乾清宫内,龙涎香的青烟在殿中袅袅盘旋。
胤禟跪在冰凉的金砖地上,只觉得那寒意一直透到膝盖里。“儿臣给皇阿玛请安。不知皇阿玛召儿臣前来,有何训示?”
康熙没有叫他起身,只是将手中的奏折和字帖重重摔在他面前:“看看,这是什么?”
胤禟捡起字帖,迅速瞥了一眼,略一思忖,斟酌着字句回道:“皇阿玛,这不是十四弟写的奏折和字帖......”
“哦?老十四的字帖?”
康熙的声音听不出喜怒,却带着洞悉一切的冰冷:“你确定,这每一笔、每一划,都出自胤禵之手?而不是……你府上那位,尤擅临摹的清客张明远?”
胤禟伏地不语,额角渗出冷汗。
“皇阿玛明鉴!张明远虽是儿臣门人,但儿臣万不敢纵容他行此大逆之事!”
胤禛适时开口:“九弟,今年江南进贡的澄心堂纸,除御书房留用,皇阿玛都赏了你。为何十四弟这奏折,用的也是此纸?”

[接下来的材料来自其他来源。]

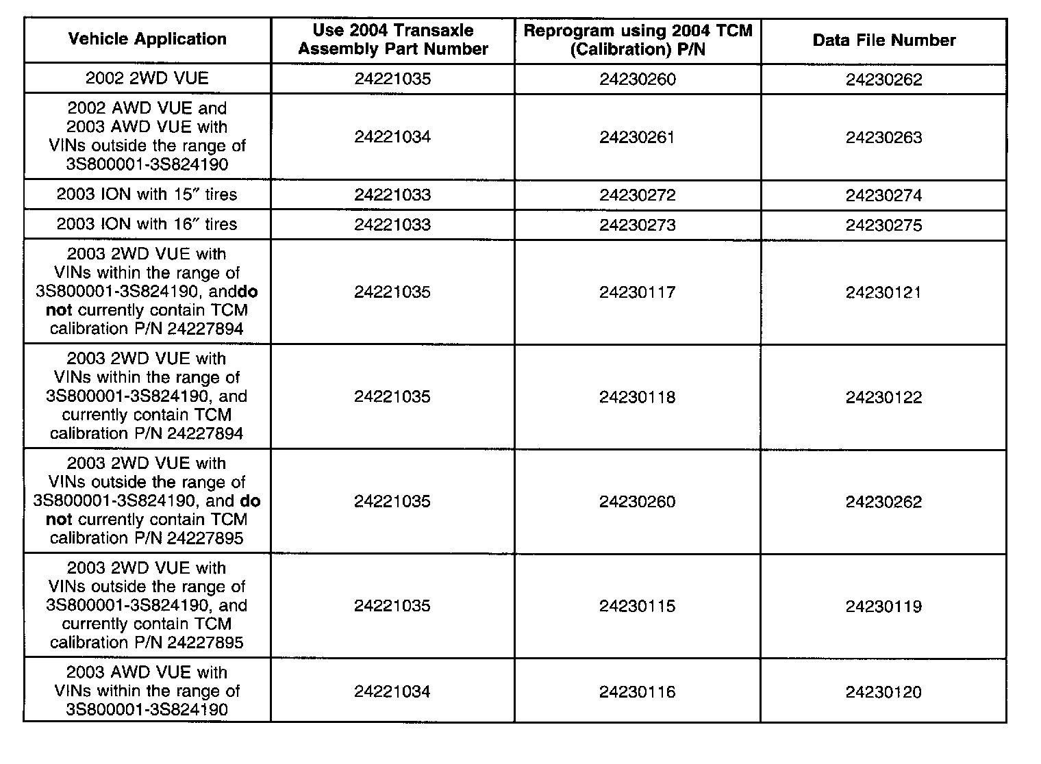 When replacing a 2002 or 2003 model year VT25E transaxle assembly with a 2004 model year VT25E transaxle assembly, it is necessary to reprogram the TCM using 2004 model year software and calibrations. The software between the model years is neither compatible nor interchangeable. Use the Reprogramming Guide below to determine the correct transaxle control module (TCM) software for a particular VUE or ION application. The guide also lists the applicable 2004 model year VT25E transaxle assemblies.

胤禟心头一紧,急声辩解:“澄心堂纸儿臣确曾分赠兄弟!十四弟拿去用了,也未可知!”
胤禛却不紧不慢:“内务府记档与侍卫证词皆在,十四弟三月未入你府。倒是你,在奏折出现前两日,亲去兆祥所‘探望’,还特意讨要了他新写的字帖——这,又当作何解释?”
胤禟的脸色渐渐发白:“我那是......”
“你要字帖做什么?”胤禛步步紧逼,“莫非是要给张明远临摹之用?”
“皇阿玛明鉴!”胤禟叩首,额抵金砖,“儿臣纵有澄心堂纸,纵容门人擅临摹,但绝无构陷兄长之心!定是张明远受人指使,栽赃儿臣!”
康熙盯着胤禟,一字一句道:哦?那朕问你,张明远现在何处?
“儿臣不知!”胤禟伏地,“此人半月前便称家中有事,离京南返了!”
“南返?”康熙停在胤禟身前,阴影笼罩下来,“梁九功。”
“奴才在。”
“告诉九贝勒,张明远此刻在何处。”
梁九功躬身:“回皇上,侍卫统领刚来报,在通州码头拿住了正要登船的张明远,从他行李中搜出……仿十四爷笔迹的习作数张。”
胤禟浑身一颤,彻底瘫软在地。
“人赃并获。”康熙声音陡然转厉,“你还有何话说!”
殿内死寂。
康熙盯着这个儿子,看他颤抖的肩膀,看他不甘的眼神。
良久,才缓缓道:“朕给过你机会。”
他转身缓缓坐回龙椅,声音疲惫而决绝:“传旨。九阿哥胤禟,御下不严,纵容门人行构陷之事,着——革去贝勒爵,降为固山贝子,禁足三月,罚俸一年。退下。”
看着胤禟被架出去的背影,康熙闭目良久。
他何尝不知老八才是幕后推手?可眼下……
康熙揉了揉眉心,对梁九功道:“传十四贝勒。”
不多时,胤禵快步进殿,脸上还带着几分未消的惊惶。
他利落地甩袖跪地:“儿臣给皇阿玛请安。”
“起来吧。”康熙看着他,语气复杂,“这回,长记性了?”
“儿臣……”胤禵声音哽咽,“谢皇阿玛还四哥与儿臣清白!”
“清白不是朕还的。”康熙看向一直静立的胤禛,“是你四哥,三日不眠,替你查清的。”
胤禵转向胤禛,深深一揖到地:“四哥大恩,胤禵永世不忘!”
胤禛侧身避过:“自家兄弟,应该的。”
康熙将这一幕看在眼里,心中那个盘旋数日的念头终于落定。
“老十四,”他缓缓开口,“即日起,去户部跟着你四哥当差。朕会交代下去,让你从主事做起。”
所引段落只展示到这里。